§ EXERCISE PROMPT:
Word for word, restate the listing; omit the pictures.

§ PROVIDED MATERIAL:

^^^^^^^^

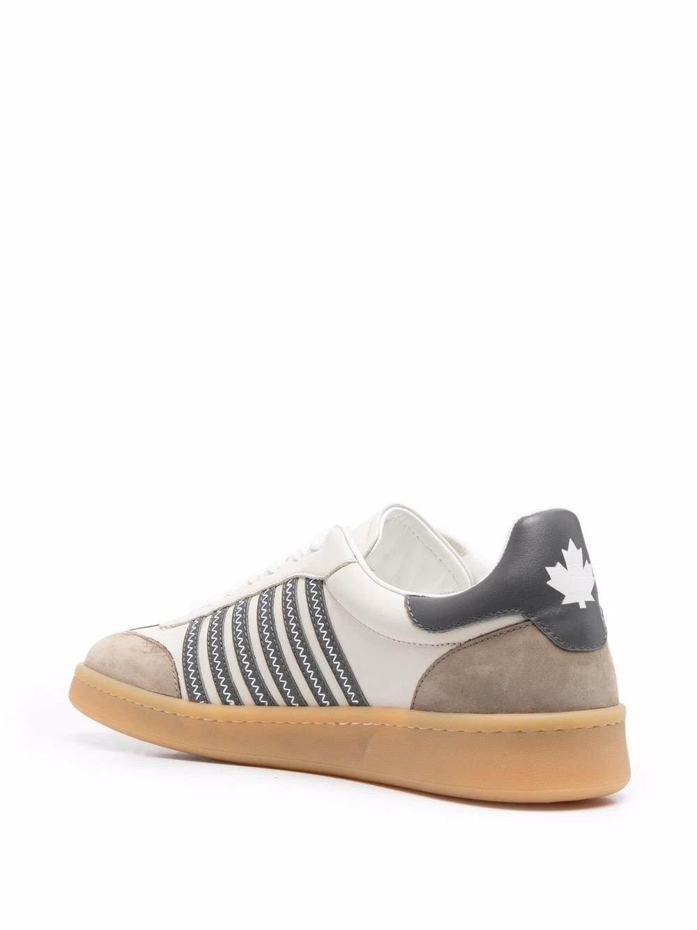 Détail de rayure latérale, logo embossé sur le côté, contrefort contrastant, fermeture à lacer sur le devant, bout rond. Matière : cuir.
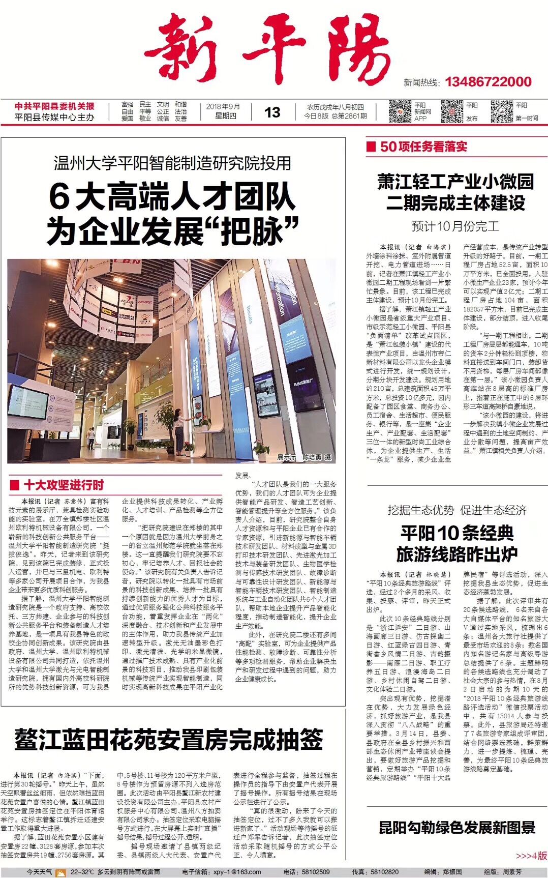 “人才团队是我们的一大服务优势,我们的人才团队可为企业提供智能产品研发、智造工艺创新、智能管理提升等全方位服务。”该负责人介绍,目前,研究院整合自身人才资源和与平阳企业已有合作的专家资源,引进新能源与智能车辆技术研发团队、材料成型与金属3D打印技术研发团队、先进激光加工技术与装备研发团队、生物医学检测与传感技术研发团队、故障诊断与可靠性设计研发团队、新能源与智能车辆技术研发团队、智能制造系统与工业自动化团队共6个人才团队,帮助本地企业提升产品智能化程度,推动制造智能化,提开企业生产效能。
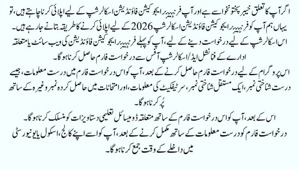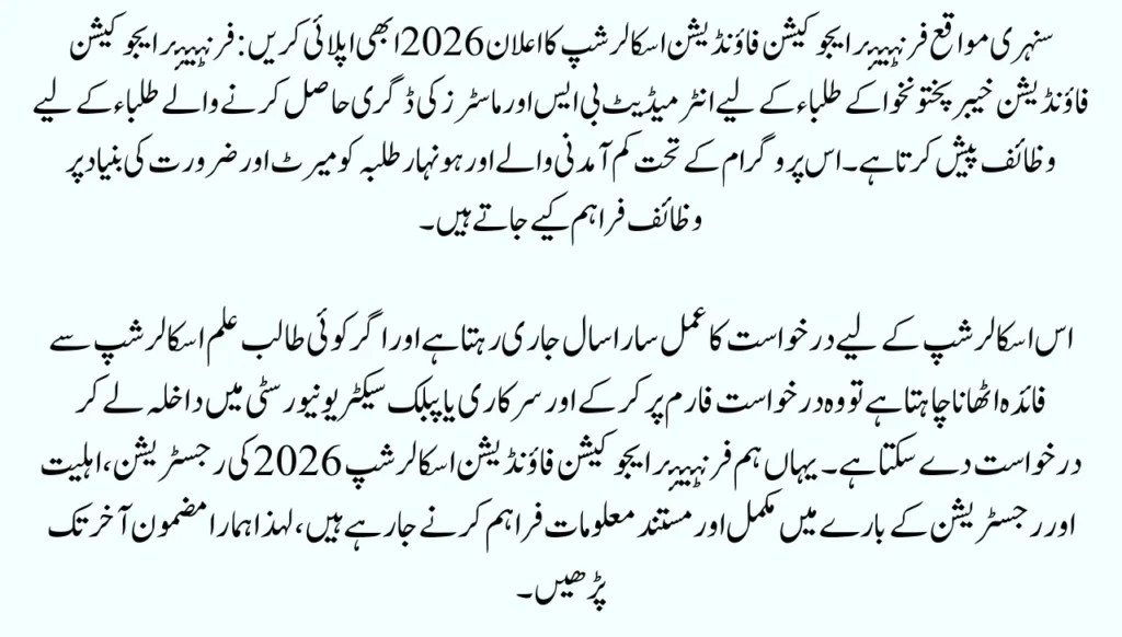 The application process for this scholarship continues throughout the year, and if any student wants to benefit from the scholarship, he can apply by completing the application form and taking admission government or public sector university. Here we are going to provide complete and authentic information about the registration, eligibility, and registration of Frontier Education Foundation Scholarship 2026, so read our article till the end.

^^^^^^^^

§ EXERCISE OUTPUT:
 Détail de rayure latérale, logo embossé sur le côté, contrefort contrastant, fermeture à lacer sur le devant, bout rond. Matière : cuir.
 “人才团队是我们的一大服务优势,我们的人才团队可为企业提供智能产品研发、智造工艺创新、智能管理提升等全方位服务。”该负责人介绍,目前,研究院整合自身人才资源和与平阳企业已有合作的专家资源,引进新能源与智能车辆技术研发团队、材料成型与金属3D打印技术研发团队、先进激光加工技术与装备研发团队、生物医学检测与传感技术研发团队、故障诊断与可靠性设计研发团队、新能源与智能车辆技术研发团队、智能制造系统与工业自动化团队共6个人才团队,帮助本地企业提升产品智能化程度,推动制造智能化,提开企业生产效能。
 The application process for this scholarship continues throughout the year, and if any student wants to benefit from the scholarship, he can apply by completing the application form and taking admission government or public sector university. Here we are going to provide complete and authentic information about the registration, eligibility, and registration of Frontier Education Foundation Scholarship 2026, so read our article till the end.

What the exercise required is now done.